**WORK ORDER:** Find the line containing "Tęczowa paleta i", then print it and each line after it through the end of the listing exactly, with no pictures.

**EXERCISE DATA:**

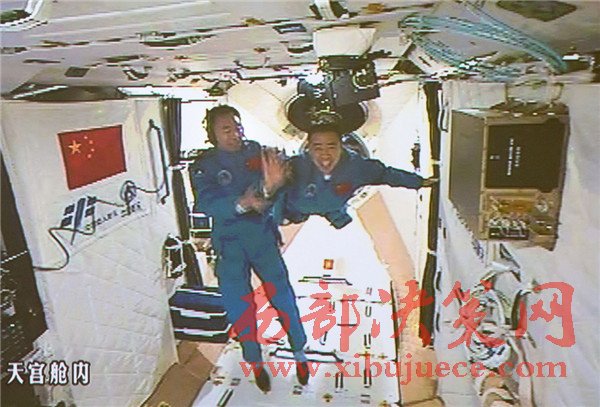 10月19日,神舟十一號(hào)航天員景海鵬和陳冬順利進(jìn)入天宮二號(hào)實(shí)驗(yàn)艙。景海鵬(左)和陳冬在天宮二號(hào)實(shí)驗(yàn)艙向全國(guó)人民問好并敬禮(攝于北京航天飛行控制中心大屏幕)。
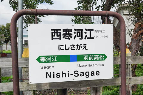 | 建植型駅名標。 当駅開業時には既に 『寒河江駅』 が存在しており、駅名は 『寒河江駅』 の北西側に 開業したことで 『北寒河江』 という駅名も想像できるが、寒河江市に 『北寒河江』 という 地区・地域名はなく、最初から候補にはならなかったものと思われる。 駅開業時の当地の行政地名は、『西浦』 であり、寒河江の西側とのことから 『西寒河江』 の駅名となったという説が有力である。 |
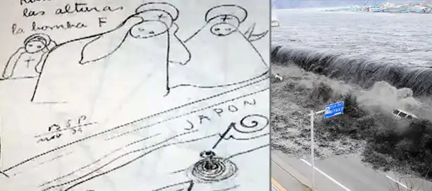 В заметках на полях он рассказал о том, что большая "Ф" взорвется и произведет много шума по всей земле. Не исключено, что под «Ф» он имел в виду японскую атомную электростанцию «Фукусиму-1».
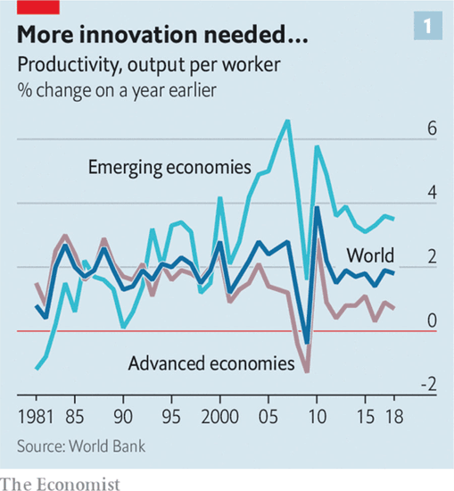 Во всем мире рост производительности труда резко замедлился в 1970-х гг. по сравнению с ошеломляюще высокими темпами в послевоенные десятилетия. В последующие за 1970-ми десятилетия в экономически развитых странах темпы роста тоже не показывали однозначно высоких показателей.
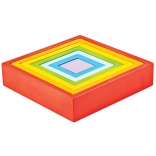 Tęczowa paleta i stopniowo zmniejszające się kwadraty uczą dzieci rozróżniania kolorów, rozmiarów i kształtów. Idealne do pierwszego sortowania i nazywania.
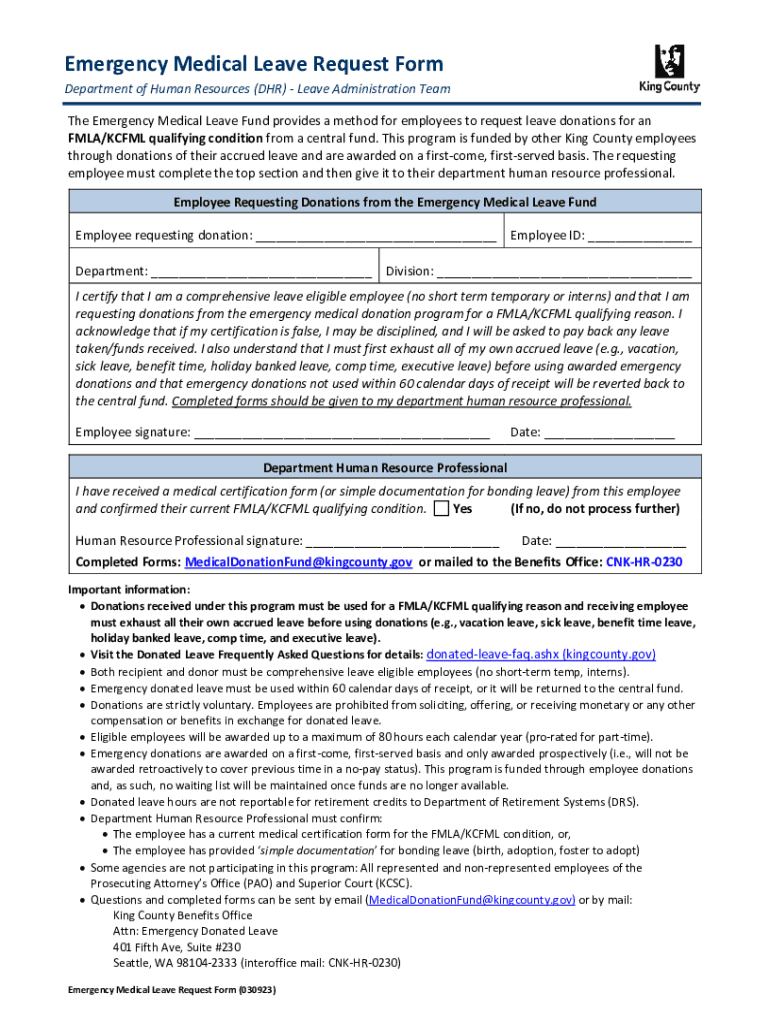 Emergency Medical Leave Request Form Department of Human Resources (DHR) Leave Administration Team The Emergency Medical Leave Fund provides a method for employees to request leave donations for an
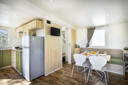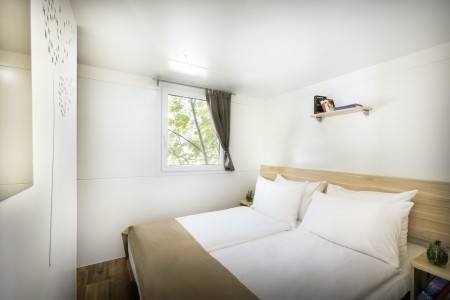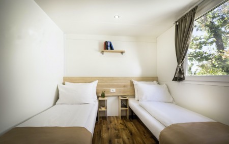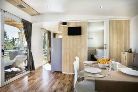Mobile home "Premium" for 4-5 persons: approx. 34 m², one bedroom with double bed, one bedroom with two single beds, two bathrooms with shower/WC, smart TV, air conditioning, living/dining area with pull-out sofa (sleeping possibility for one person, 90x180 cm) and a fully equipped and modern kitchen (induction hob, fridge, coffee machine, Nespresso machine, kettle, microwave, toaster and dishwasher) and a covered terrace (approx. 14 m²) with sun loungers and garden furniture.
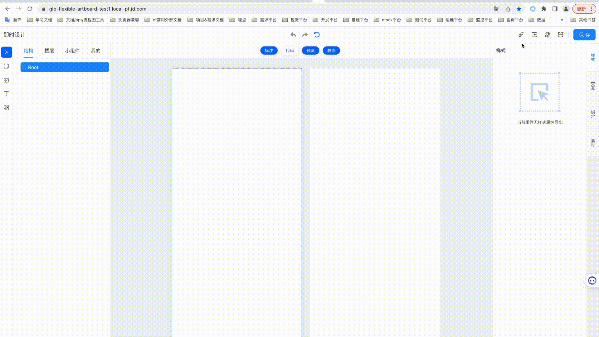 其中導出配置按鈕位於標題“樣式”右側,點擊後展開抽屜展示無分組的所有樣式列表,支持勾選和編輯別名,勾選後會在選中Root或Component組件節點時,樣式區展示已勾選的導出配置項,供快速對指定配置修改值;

**WRITTEN SOLUTION:**
 Tęczowa paleta i stopniowo zmniejszające się kwadraty uczą dzieci rozróżniania kolorów, rozmiarów i kształtów. Idealne do pierwszego sortowania i nazywania.
 Emergency Medical Leave Request Form Department of Human Resources (DHR) Leave Administration Team The Emergency Medical Leave Fund provides a method for employees to request leave donations for an
Mobile home "Premium" for 4-5 persons: approx. 34 m², one bedroom with double bed, one bedroom with two single beds, two bathrooms with shower/WC, smart TV, air conditioning, living/dining area with pull-out sofa (sleeping possibility for one person, 90x180 cm) and a fully equipped and modern kitchen (induction hob, fridge, coffee machine, Nespresso machine, kettle, microwave, toaster and dishwasher) and a covered terrace (approx. 14 m²) with sun loungers and garden furniture.
 其中導出配置按鈕位於標題“樣式”右側,點擊後展開抽屜展示無分組的所有樣式列表,支持勾選和編輯別名,勾選後會在選中Root或Component組件節點時,樣式區展示已勾選的導出配置項,供快速對指定配置修改值;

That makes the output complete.